Mary forced herself up. The pain in her bones reminded her that she was no longer a young firebrand, but low coals burned longer. She began running again, with long, steady strides. Her thighs and calves were aching, but she closed her mind to the pain. Make friends with agony, Lord Jack had said. Embrace it, kiss it, stroke it. Love the pain, and you win the game. She ran with the pistol held at her side, and she saw a squirrel dart from the brush and scramble toward an oak tree to her right. She stopped, skidding in a flurry of leaves, slowing the squirrel down into strobelike motions with the force of her concentration. The squirrel was going up the treetrunk, now leaping for a higher branch.
Mary lifted the pistol in a two-handed grip, took aim, and squeezed the trigger.
The crack of the shot and the explosion of the squirrel's head were almost simultaneous. The body fell into the leaves, writhed for a few seconds, and lay still.
She ran on, the sweet tang of gunpowder in her nostrils and the pistol warm in her hand.

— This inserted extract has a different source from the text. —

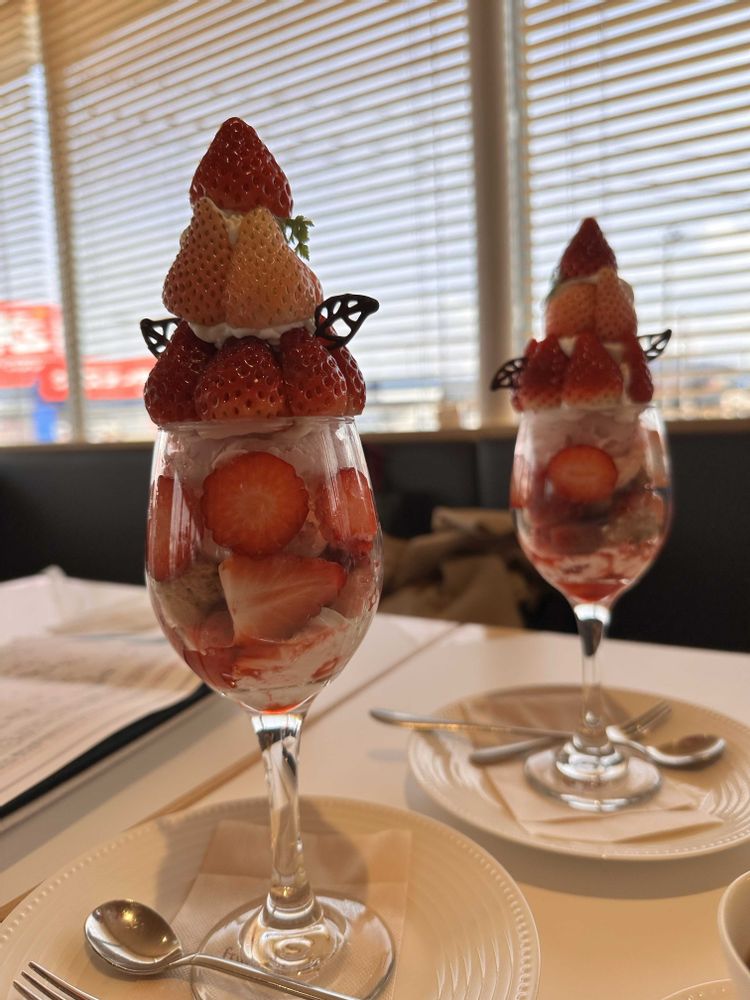 ⑤昨日お友達といつものカフェで🍓パフェ😋

Her eyes searched the shadowed woods. Pig on the left! she thought, and she checked her progress and whirled in a crouch with her gun ready, aiming at a scraggly pine. She ran again, over a hillock and down. Pig on the right! She threw herself to the ground, raising dust, and as she slid on her stomach she took aim at another tree and fired a shot that clipped a top branch and sent a bluejay shrieking into the sky. Then up again – quick, quick! – and onward, her tennis shoes gouging the ground. Another squirrel, drowsing in the sun, came to life and fled across her path; she tracked it, heading toward a group of pines. It was a fast one, desperate with fear. She fired at it as it clambered up a treetrunk, missed by a few inches to the left, but hit the squirrel in the spine with the second bullet. She heard it squeak as she passed on, a signature of blood across the treebark.